Fed-up fish consumers say they'd spend more to be assured of grouper authenticity

June 22, 2010

GAINESVILLE, Fla. — Not much in life beats a fresh grouper sandwich enjoyed with a cold beer and an ocean view.

But that experience is far less fun when consumers discover they’re paying a restaurant for fresh, locally caught grouper, yet eating farm-raised fish from thousands of miles away.

And sometimes they never do find out.

University of Florida researchers report in the current issue of Marine Resource Economics that 57 percent of the seafood-eating adults they surveyed would pay more if a labeling program guaranteed that sandwiches and other items contained fresh grouper caught in Florida.

The survey of 400 consumers was meant to show fishermen how much awareness there is about the knockoff-fish problem and whether a labeling program might be worth a closer look, said Chuck Adams, a professor with UF’s Institute of Food and Agricultural Sciences and the Florida Sea Grant program.

“Basically we found that yes, people were aware of it, and we found that it had, in fact, affected their purchasing of seafood,” he said.

The Gulf & South Atlantic Fisheries Foundation paid for the $40,000 study, said Sherry Larkin, an associate professor in resource economics also with IFAS. Graduate student Andrew Ropicki worked on the survey as well.

The fishermen’s industry group wanted the survey information because they see their product being undercut by inferior imports, Larkin said.

The March 2009 survey found that 62 percent of respondents were aware that restaurants sometimes accidentally or deliberately substituted cheaper fish for grouper.

It also found that most consumers would be willing to pay anywhere from 83 cents to $3.13 more per entrée if it were labeled as authentic Florida-caught grouper, Larkin said.

Seafood substitution is by no means just a problem with grouper – the state’s Division of Business and Professional Regulation logs consumer complaints and since 2006, there have been 1,177 reports of everything from imitation crab being passed off as real to “seafood nuggets” posing as scallops.

But fake grouper may be the hardest to spot, the researchers said.

Many mild-tasting whitefish such as tilapia, basa and tra are often sold as grouper and for most of us, it’s difficult, if not impossible, to tell the difference.

Here’s how to know, Adams says: A legal-size grouper will typically yield a filet that’s too large for one serving. So if you get an entire filet on your plate, it’s probably not the real stuff.

There’s not as much dark meat as you might get with mahi mahi or perhaps catfish, he said. And grouper has a mild flavor — so if the flavor is strong, it’s either not grouper or isn’t fresh.

Grouper filets also tend to be thicker and flake apart in nice, big chunks, he said.

But if most consumers can’t tell the difference, what’s the harm?

“Two things,” Larkin said. ”One is, if the product is not of high quality, it’s like, ‘oh, OK, I just paid $18 for something that’s … kind of OK.’ That doesn’t do very much for the reputation of the grouper.
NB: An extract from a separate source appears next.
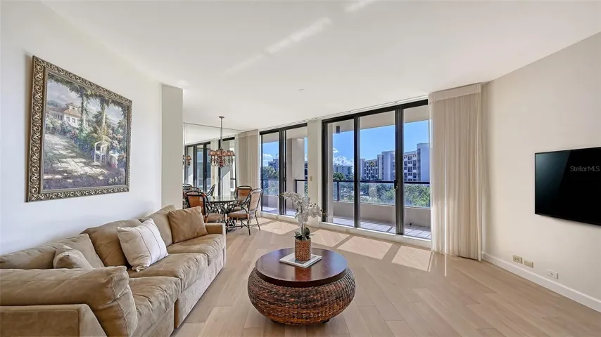 Welcome to this 2-bedroom 2 bath gulf-side residence in the Promenade on Longboat Key, where shimmering water views, swaying palms, and warm coastal breezes shape a lifestyle of relaxed sophistication. A welcoming foyer introduces freshly painted interiors and brand-new luxury vinyl wide-plank flooring, guiding you toward the main living room, where gulf and garden views take center stage. This light-filled space flows beautifully to the outdoors through two sets of sliders that open onto the balcony. The kitchen features wood cabinetry and granite counters, and the adjacent dining room features a granite topped wet bar. The primary suite is a serene retreat with lovely Gulf and garden views, a spacious dressing area, two walk-in closets, and an ensuite bath featuring a marble steam shower and spa tub. A desirable split plan provides privacy for the guest bedroom and marble guest bath. Additional conveniences include a full-size laundry closet with storage shelving, 1 assigned parking space in the secure under-building parking garage, and additional assigned storage space. Life at the Promenade is defined by exceptional amenities and a setting designed for daily enjoyment on the Gulf. The property spans more than 6 acres of landscaped grounds with a boardwalk that winds through tropical foliage to the white sand beach, where inviting tiki huts offer a peaceful, shaded place to relax by the gulf. Residents enjoy an oversized heated pool, whirlpool spa, new covered outdoor kitchen/grilling area, gulf side sundeck, inviting lobby spaces, concierge services, on-site management, a beachside gazebo, secure guard gated entry with twenty-four-hour security, an athletic center, 4 Har-Tru tennis courts, and beautifully appointed gathering spaces including the Sunset Room and Sunrise Room. Longboat Key living offers a rare blend of natural beauty, coastal elegance, and everyday convenience. Residents enjoy pristine beaches, gulf breezes, and a serene island atmosphere, all while being just moments from the vibrant cultural scene of Downtown Sarasota, the shopping and dining of St. Armands Circle, and easy access to SRQ Airport.

And two, consumers could just be blatantly overpaying.”

The researchers likened the grouper situation to unwittingly buying a bogus designer handbag or a watered-down “premium” cocktail — nobody wants to be ripped off.

Adams said he’d love to see a program in Florida similar to one in Oregon where consumers can pull a package of albacore tuna from a freezer, run it under an electronic scanner, and get a picture of the boat captain who caught it, the name of the vessel and where it was caught.

“How cool would that be, to do that with grouper?” he asked. “Would consumers want that? Would they be willing to pay a little more for that? This study suggests that they might.”